Fancourt v Mercantile Credits Ltd [1983] HCA 25

Jensen v Queensland Law Society Inc [2004] FCA 655

T & S Recoveries Pty Ltd v Skalkos [2004] FCA 816

Applicant: SUPERIOR ALIGNMENTS PTY LTD
Respondent: SHOBNA KUMARI GOUNDER
File Number: BRG 810 of 2018
Judgment of: Judge Jarrett
Hearing date: 10 April 2019
Date of Last Submission: 10 April 2019
Delivered at: Brisbane
Delivered on: 12 April 2019

REPRESENTATION

Solicitors for the Applicant: Celtic Legal
The Respondent appeared in person

ORDERS

  1. The application filed 25 October, 2018 be dismissed.

  2. The applicant’s costs of the application be its costs in the respondent’s bankruptcy.

FEDERAL CIRCUIT COURT
OF AUSTRALIA
AT BRISBANE

BRG 810 of 2018

SUPERIOR ALIGNMENTS PTY LTD

Applicant

And

SHOBNA KUMARI GOUNDER

Respondent

REASONS FOR JUDGMENT

  1. This is an application for review of a decision of a registrar to grant a sequestration order against the estate of the respondent.  The petition for her bankruptcy was filed some time ago now.  In it the creditor alleged that a bankruptcy notice had been served on the respondent. 

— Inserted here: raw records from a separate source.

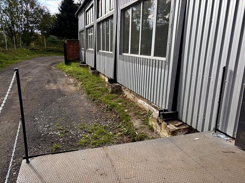 Na 2/3 jižní strany se nachází zastřešená nakládací rampa.
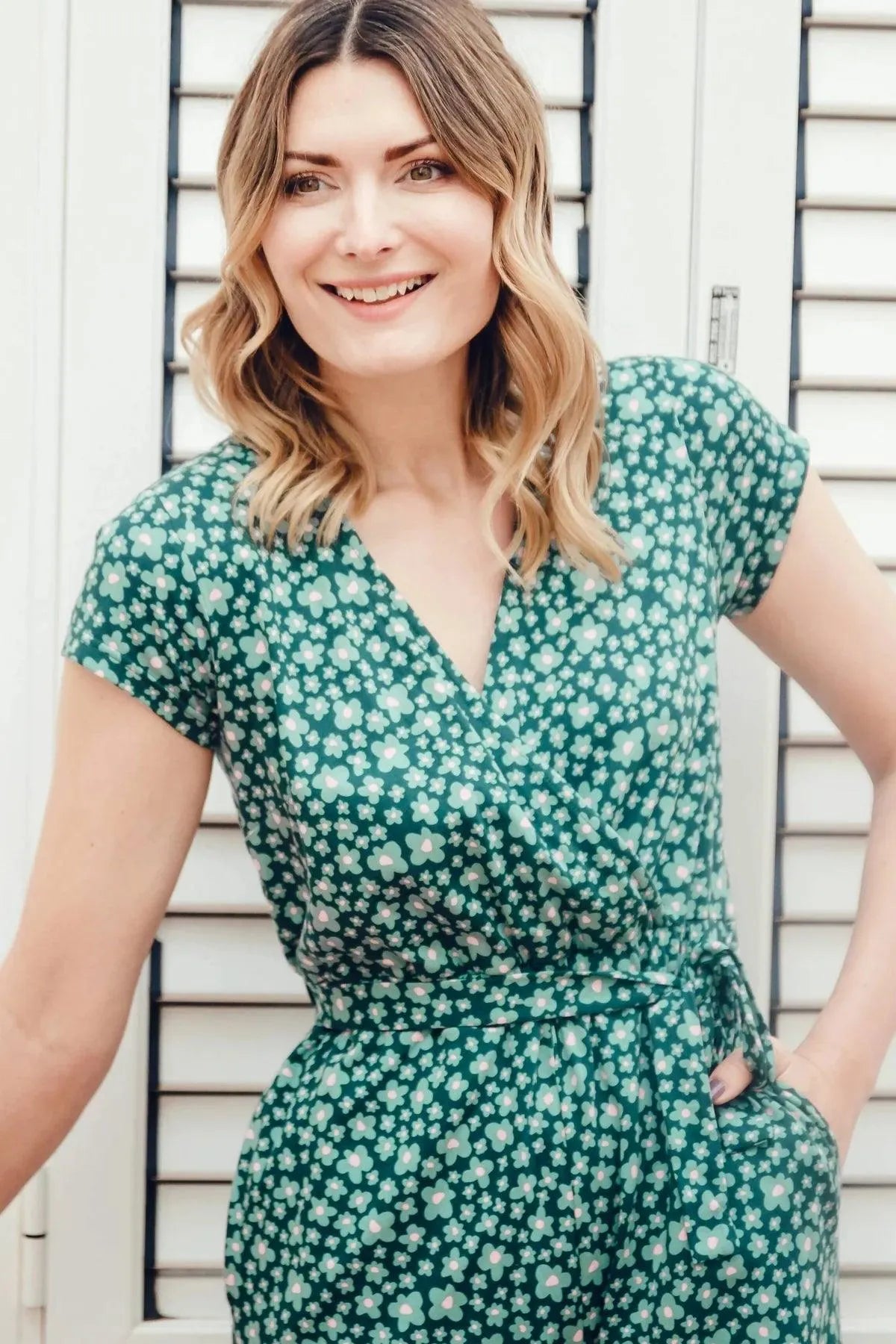 Dunkelgrüner „Field of Daisies“-Jumpsuit aus kurz geschnittenem Jersey „Sugarhill Katrina“.
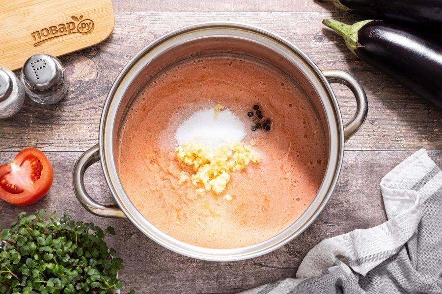 Перелейте томатное пюре в кастрюлю. Доведите до кипения. Добавьте сахар, соль, уксус и пропущенный через пресс чеснок, влейте растительное масло.
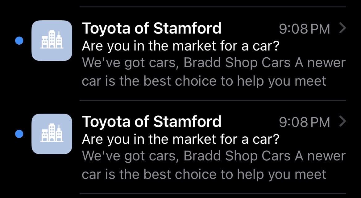 Yes, Toyota of Stamford, everyone here is in the market for a car at all times. Please tell us more.
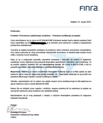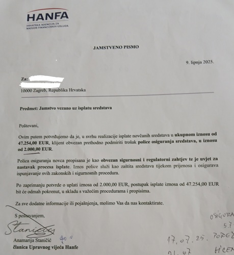 Još jednom napominjemo da Hanfa nikada ne šalje građanima dopise sa zahtjevom za uplatu radi realizacije bilo kakve investicije, porezne obaveze ili obaveze osiguranja plaćanja te je uvijek riječ o nastavku već ranije započete prijevare na koju su građani nepažnjom nasjeli.
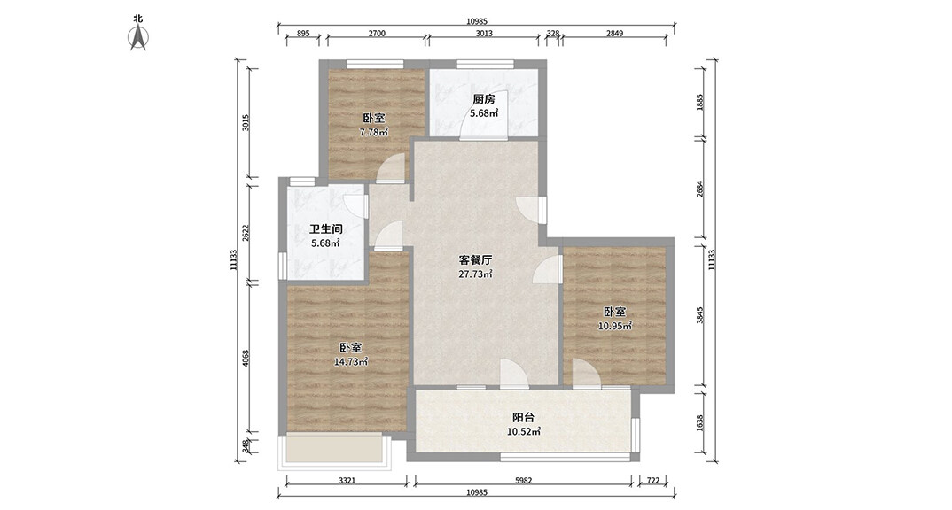 越秀天悅海灣97㎡三室一廳戶(hù)型平面布局圖
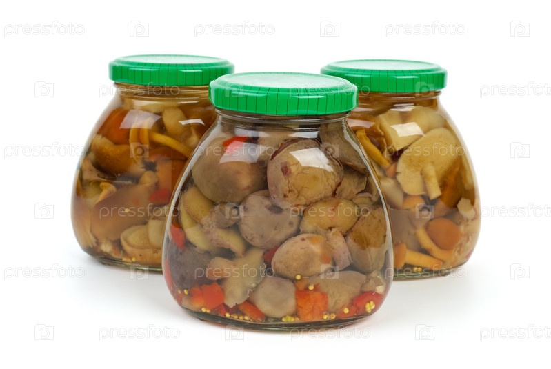 Стеклянные банки с маринованными грибами на белом фоне
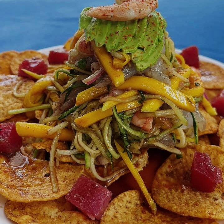 Tostada (25 g) con camarón curtido (60 g), camarón cocido (60 g), sashimi de atún (40 g), salsas negras, pepino, cebolla morada, aguacate y piña fresca. Sazonado con limón y sal.
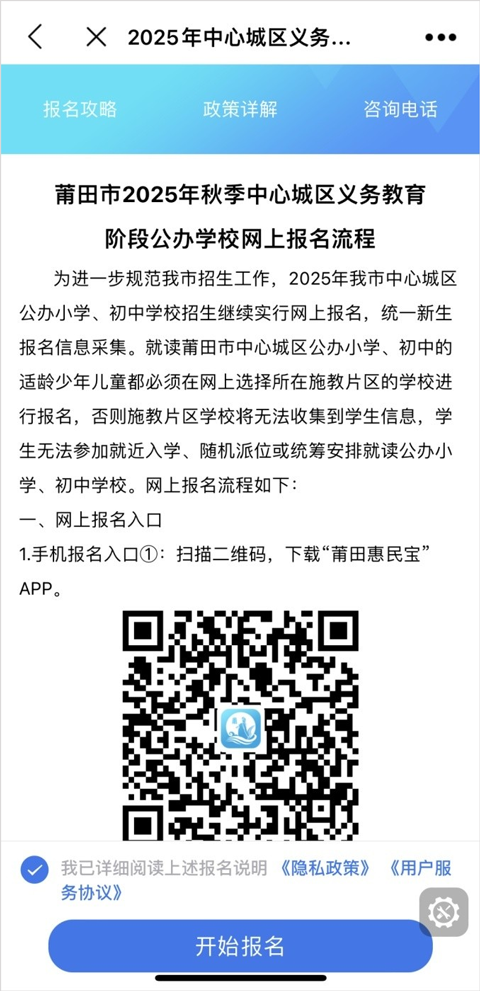 1、 进入莆田惠民宝APP首页“中小学报名”。
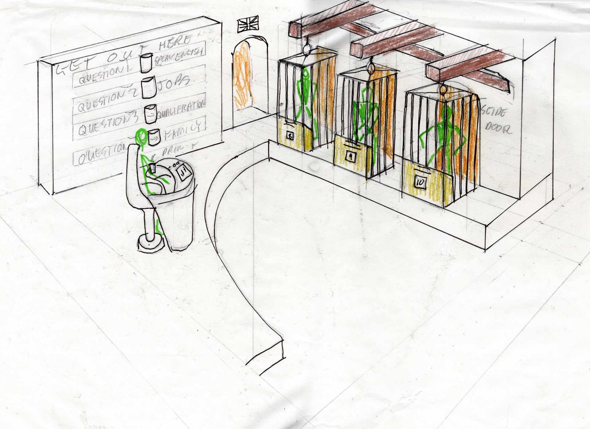 Behind the Contestants would be a mock side of a ship ready to deport and take them away. A simple box room structure made of flats, with doors to contain the immigration officer troops ready to pull contestants into the darkness and doom.

  2. The bankruptcy notice relied upon a total judgment debt of $11,464.89.  That was the sum of two judgments: a judgment given on 15 January, 2018 for $11,081.89 in action M55360 of 2017; and a second order that the debtor pay the petitioning creditor’s costs fixed in the sum of $383 in the same action.  That order was made on 20 April, 2018.  The latter order was made in connection with a failed attempt by the judgment debtor to have the judgment by default set aside. 

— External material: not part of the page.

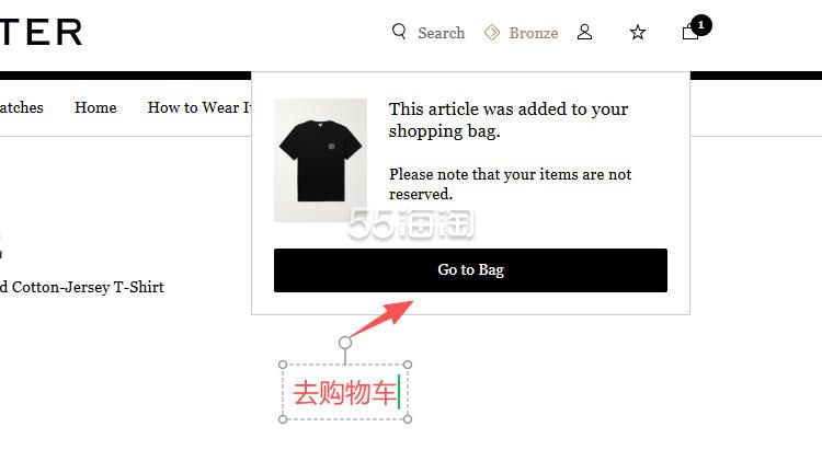 5. 成功加入购物车后会显示以下界面,可点击“Go to Bag”进入购物车结账。
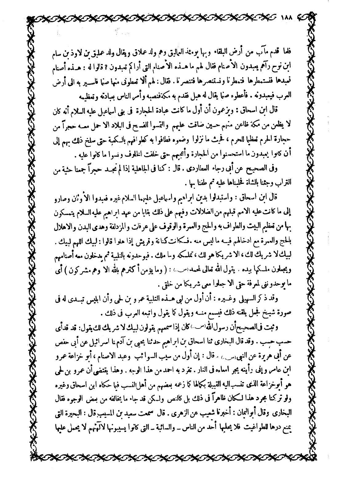 وَثَبَتَ فِي الصَّحِيحِ أَنَّ رَسُولَ اللَّهِ صَلَّى اللَّهُ عَلَيْهِ وَسَلَّمَ كَانَ إِذَا سَمِعَهُمْ يَقُولُونَ لَبَّيْكَ لَا شَرِيكَ لَكَ يَقُولُ: قَدْ قَدْ أَيْ حَسْبُ حَسْبُ. وَقَدْ قَالَ الْبُخَارِيُّ ثنا إِسْحَاقُ بْنُ ابْرَاهِيمَ حَدَّثَنَا يَحْيَى بْنُ آدَمَ ثَنَا إِسْرَائِيلُ عَنْ أَبِي حفص عَنْ أَبِي هُرَيْرَةَ عَنِ النَّبِيِّ صَلَّى اللَّهُ عَلَيْهِ وَسَلَّمَ. قَالَ: إِنَّ أَوَّلَ مَنْ سَيَّبَ السَّوَائِبَ وَعَبَدَ الْأَصْنَامَ، أبو خزاعة عمرو ابن عَامِرٍ وَإِنِّي رَأَيْتُهُ يَجُرُّ أَمْعَاءَهُ فِي النَّارِ. تَفَرَّدَ بِهِ أَحْمَدُ مِنْ هَذَا الْوَجْهِ. وَهَذَا يَقْتَضِي أَنَّ عَمْرَو بْنَ لُحَيٍّ هُوَ أَبُو خُزَاعَةَ الَّذِي تُنْسَبُ إِلَيْهِ الْقَبِيلَةُ بِكَمَالِهَا كَمَا زَعَمَهُ بَعْضُهُمْ مِنْ أَهْلِ النَّسَبِ فِيمَا حَكَاهُ ابْنُ إِسْحَاقَ وَغَيْرُهُ وَلَوْ تَرَكْنَا مُجَرَّدَ هَذَا لَكَانَ ظَاهِرًا فِي ذَلِكَ بَلْ كَالنَّصِّ وَلَكِنْ قَدْ جَاءَ مَا يُخَالِفُهُ مِنْ بَعْضِ الْوُجُوهِ فَقَالَ الْبُخَارِيُّ وَقَالَ أَبُو الْيَمَانِ: أَخْبَرَنَا شُعَيْبٌ عَنِ الزُّهْرِيِّ. قَالَ سَمِعْتُ سَعِيدَ بْنَ الْمُسَيَّبِ قَالَ: الْبَحِيرَةُ الَّتِي يُمْنَعُ دَرُّهَا لِلطَّوَاغِيتِ فَلَا يَحْلِبُهَا أَحَدٌ مِنَ النَّاسِ- وَالسَّائِبَةُ- الَّتِي كَانُوا يَسُيِّبُونَهَا لِآلِهَتِهِمْ لَا يُحْمَلُ عَلَيْهَا

  3. The evidence reveals that the bankruptcy notice was served on the debtor. She was served by the document being sent to her in the post as permitted by reg.16.01(1)(a) of the Bankruptcy Regulations 1996. Service under that provision is taken to have occurred on the day when, in the due course of post, the posted article is taken to have been delivered at the address to which it was sent.

  4. Section 160(1) of the Evidence Act 1995 provides that an article sent in the ordinary course of the post is taken to be received on the seventh working day after posting. Here, that was 7 May, 2018 and, so absent evidence to the contrary, the debtor is taken to have been served with the bankruptcy notice on 7 May, 2018. There is evidence of the posting, as I have said. The affidavit of service of the bankruptcy notice sworn by Eliza Puller and filed on 9 August, 2018 attests to that. There is no evidence of non-delivery.

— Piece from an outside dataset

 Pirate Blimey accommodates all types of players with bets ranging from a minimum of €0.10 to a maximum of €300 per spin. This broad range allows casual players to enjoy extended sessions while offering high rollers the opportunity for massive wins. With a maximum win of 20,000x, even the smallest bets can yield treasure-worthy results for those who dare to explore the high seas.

  5. One of the grounds for opposing the sequestration of her estate advanced by the debtor is that she did not receive the bankruptcy notice, i.e., she was, she says, not served with it.  But as the authorities make clear, non-receipt is different to non-delivery, and if a debtor wishes to succeed on the proposition that they have not been served with the bankruptcy notice when it was posted to them, they need to adduce evidence of non-delivery.  Here, the only evidence, if there is any at all, is of non-receipt.  The difference is critical: see cases like Fancourt v Mercantile Credits Ltd [1983] HCA 25 in the High Court. There is also a more recent decision of the Full Court of the Federal Court of Australia that considers the matter in detail as well as all of the relevant authorities: see T & S Recoveries Pty Ltd v Skalkos [2004] FCA 816.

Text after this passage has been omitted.